The European Union may need to tighten its AI regulations to ensure that serious AI-related incidents are consistently reported, according to a policy paper published by Swiss-Belgian thinktank Pour Demain.
Current Reporting Requirements Under the EU AI Act
Under the EU AI Act, companies are required to notify the EU AI Office about “serious incidents” involving specific AI foundation models.
The European Commission released a Code of Practice in August, detailing the types of incidents and information that must be reported.
Potential Gaps in Reporting
Pour Demain warns that it is “almost certain” some incidents may escape reporting.
Companies could argue that certain AI models were not involved or shift responsibilities to smaller firms, leaving incidents unreported.
Examples cited include AI-related suicides and unauthorized deletion of databases by AI agents.
Recommendations to Strengthen AI Oversight
The thinktank suggests updating the Code of Practice or even revising the EU AI Act to ensure that regulatory bodies are fully informed about serious AI incidents.

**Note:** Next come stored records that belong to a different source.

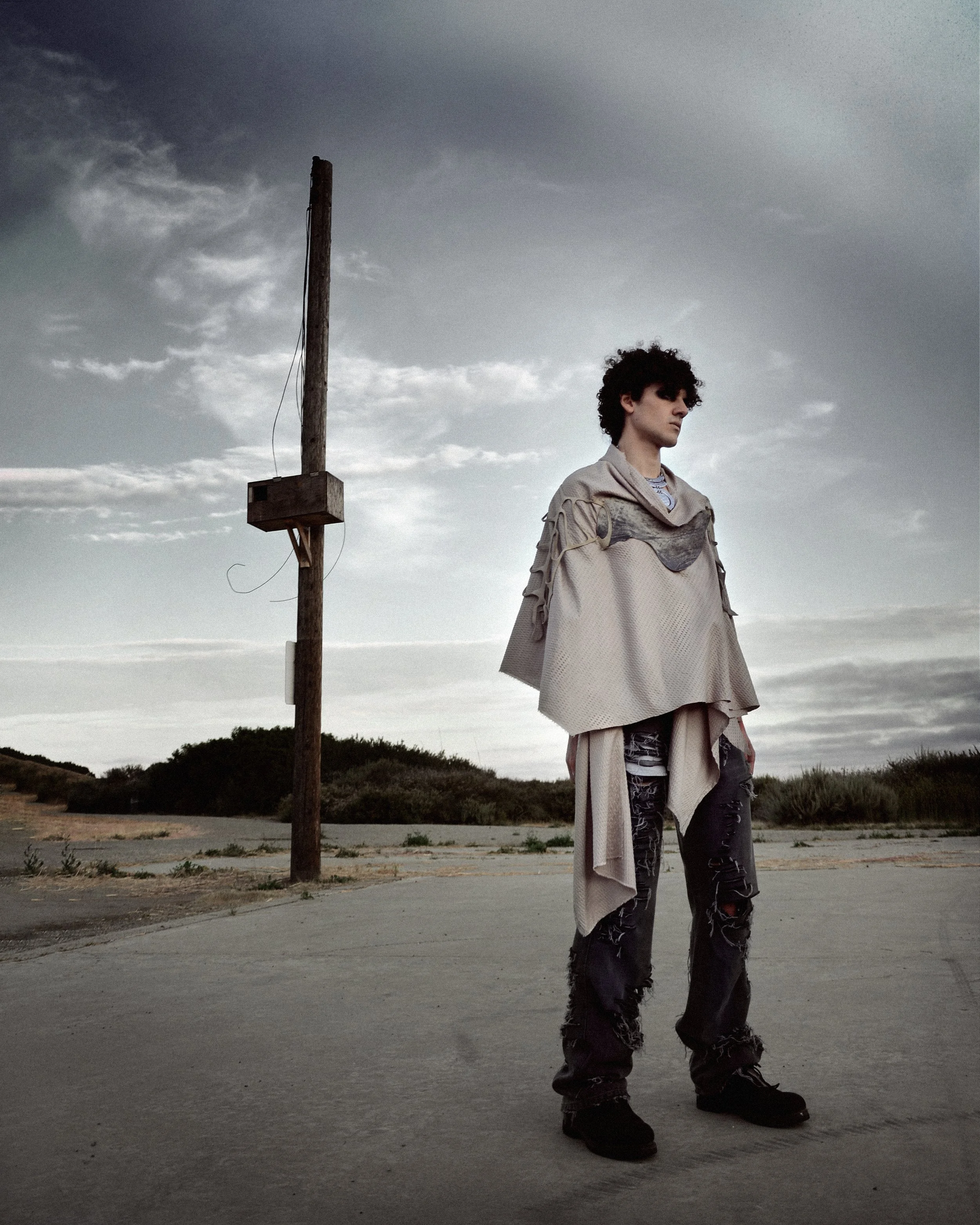 distressed knit and asymmetrical woven tunicn top with raw denim arm sleeves and distressed denim pants
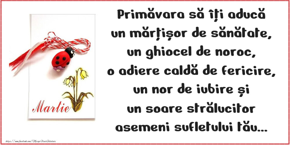 Un mesaj frumos cu mărțișor clasic cu buburuză și ghiocei
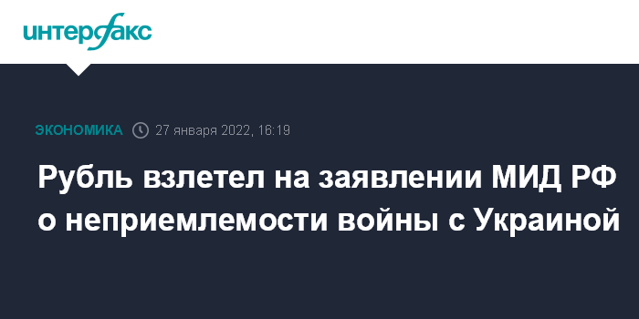 Рубль взлетел на заявлении МИД РФ о неприемлемости войны с Украиной
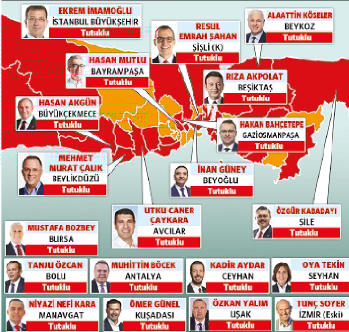 İktidar seçimle alamadığı belediyeleri operasyonlar ve tutuklamalar yoluyla aldı. Şu anda CHP’nin 18 belediye başkanı tutuklu. Son yerel seçimlerde Türkiye genelinde CHP’ye oy vermiş 8 milyon 268 bin 249 kişinin iradesi de yok sayılmış oldu.
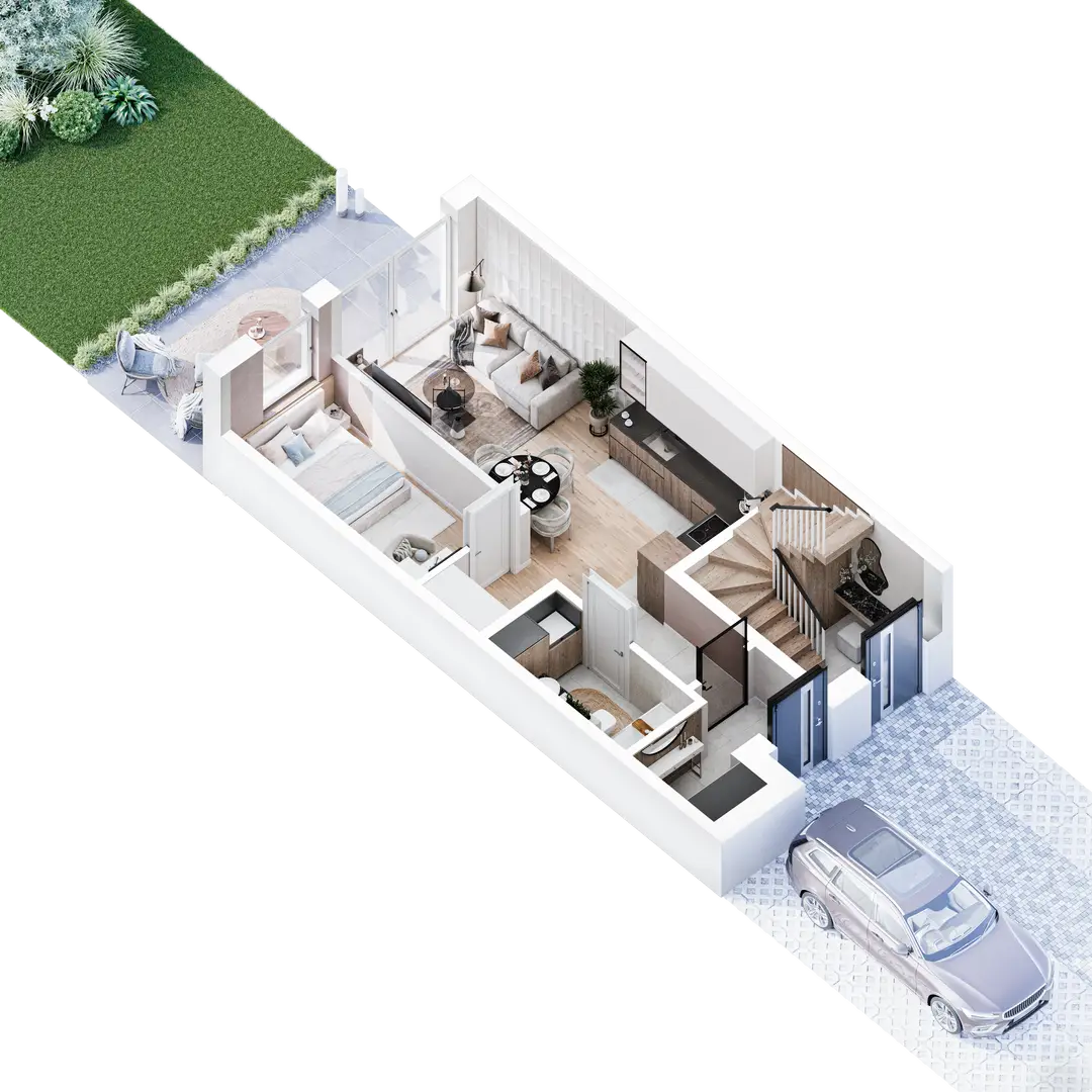Różnorodne metraże i starannie zaprojektowane układy sprawiają, że każdy odnajdzie tu przestrzeń na lata. Tworzymy Miejsce, w których estetyka spotyka się z praktycznością, a naturalne otoczenie tworzy idealne tło do spokojnego życia. Kameralny charakter osiedla, prywatne ogrody i tarasy oraz bliskość natury tworzą komfort życia codziennego.
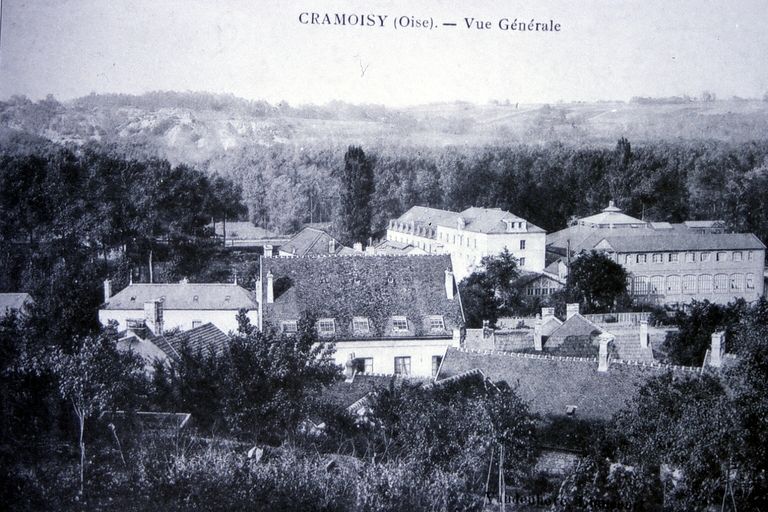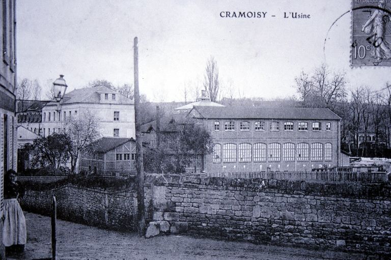 En 1810, deux moulins, établis en vis-à-vis, sont mentionnés comme existants "de temps immémoriaux". Ils dépendaient tous deux de la baronnie de Mello, qui possédait sous l'Ancien Régime le fief, dit du "Château Sarazin", aujourd'hui dénommé "Le château". Le premier moulin, établi au nord de la dérivation du Thérain est à l'origine un moulin blé, converti en 1819 en moulin à huile. Celui qui lui fait face est également à usage de mouture de blé et porte l'appellation de Petit Moulin. A partir de 1825, une partie de la force hydraulique est louée à un certain Lecer qui installe une fabrique de broches pour l'industrie textile. Malheureusement, le décès de l'industriel l'année suivante provoque l'arrêt brutal de la production. L'activité est remplacée en mai 1828 par un atelier de coutellerie, spécialisé dans la fabrication de rasoirs et de couteaux de table, dirigé par Pradier. En 1833, Jean-Baptiste Lefèvre achète les bâtiments du Petit Moulin pour y installer une filature de laine peignée. A partir du mois d'octobre 1833, il fait construire un bâtiment de 33 m de long sur 10 m de large, destiné à abriter son activité. Le développement industriel par l'énergie hydraulique provoque de vives contestations de la part de Jeanty, propriétaire de l'autre moulin, dont la force est réduite. Empêché de poursuivre son activité avec une énergie suffisante, Jeanty décide de vendre son moulin à Lefèvre en 1834. Ce dernier dispose ainsi de possibilités supplémentaires d'extensions. Toutefois, l'industriel fait faillite en 1838. Joseph Ulrich Hindenbourg, industriel parisien, rachète la filature de Cramoisy en décembre 1838 et la complète en 1841 d'un nouvel atelier, construit dans le prolongement du précédant. Après le décès d'Hindenbourg, le 22 novembre 1853, l'usine est rachetée par Achille Seillières, membre du Conseil général des Manufactures et baron de Mello, suivant l'acte de vente du 26 septembre 1854. Son fils, Alexandre Seillière prendra la succession de la filature à partir de 1888. Il sera, entre autre l'artisan du raccordement du site industriel au réseau ferroviaire en 1892. En 1899, Seillières vend l'usine à la Société des Anciens établissements Parvillée frères, créée pour l'occasion quelques mois plus tôt. Cette entreprise est spécialisée dans la fabrication de porcelaines industrielles et s'inscrit dans l'héritage de l'entreprise constituée à Paris (rue de Caulaincourt) dans la première moitié du 19e siècle par l'architecte céramiste parisien Léon Parvillée, et poursuivie par ses deux fils, Achille et Louis. Si le site parisien conserve la fabrication de porcelaine architecturale décorative, à Cramoisy, l'entreprise se lance dans le marché prometteur de la diffusion électrique, avec la fabrication d'isolateurs électriques en porcelaine. Le site de Cramoisy n'est pas choisi au hasard, puisque c'est à Creil, ville voisine, que fut réalisée l'une des premières expériences françaises de transport à distance de l'électricité en 1884 et 1885. Les bâtiments de l'ancienne filature ne sont pas adaptés aux nouvelles exigences techniques et fonctionnelles de la nouvelle activité, mais Jacquet, président, et son collaborateur Labecque rachètent pour la société le domaine de l'ancien château sur lequel ils développent plusieurs autres bâtiments, dont les grands fours de cuisson à seize fours à feu tournants alimentés par gazogène et abrités par un vaste bâtiment à structure métallique. En 1926, le grand atelier de montage est allongé de quatorze travées supplémentaires et un second four de cuisson est installé à l'arrière sous une grande halle. L'activité de l'usine cesse en 1957, les bâtiments sont rachetés en l'année suivante par Adrien Claude, fabricant de cloisons stratifiées. La société Adclo, qu'il dirige, utilise les bâtiments mais n'apporte pas de modifications notables. Elle dépose le bilan en 1986 et abandonne le site. Le site, laissé en friche jusqu'en 2000, est racheté par une société immobilière, qui envisage de réhabiliter le site en vue d'une réaffectation mixte. En 1825, le Petit Moulin est équipé d'une roue hydraulique verticale de 5,49 m de diamètre. En 1841, Hindenbourg fait installer une machine à vapeur Cavé de 12 ch. provenant de son usine parisienne pour compléter l'énergie fournie par la roue hydraulique. Cette machine est remplacée par une machine à vapeur Farcot de 50 ch en 1865. Après 1900, la roue hydraulique est remplacée par deux turbines, en place. Par ailleurs, en 1901 est installée une chaudière verticale à tubes Fields de 1,021 mètres cubes de capacité et de 13,30 mètres carrés de surface de chauffe, fabriquée par Fichet et Heurtey, ingénieurs constructeurs à Paris (7 rue de Saint-Pétersbourg). Elle est destinée à alimenter un moteur à gaz pauvre. En 1925, l'usine Parvillée emploie 350 ouvriers ; en 1939, 298 ouvriers, et 46 en 1940.

Jimmy Farrell from Pour Demain stated, “Serious incidents from AI are on the rise, with evidence suggesting that incidents far more severe could be just around the corner.”
Calls for Increased Resources for the AI Office
Pour Demain also calls for the EU AI Office to expand staffing. Currently, the office has more than 125 staff and plans to grow to 160 by year-end.
The thinktank recommends increasing the workforce to 200 staff, enabling the office to enforce regulations more effectively across all six of its units.
The European Commission has not yet responded to questions regarding staffing or the thinktank’s recommendations.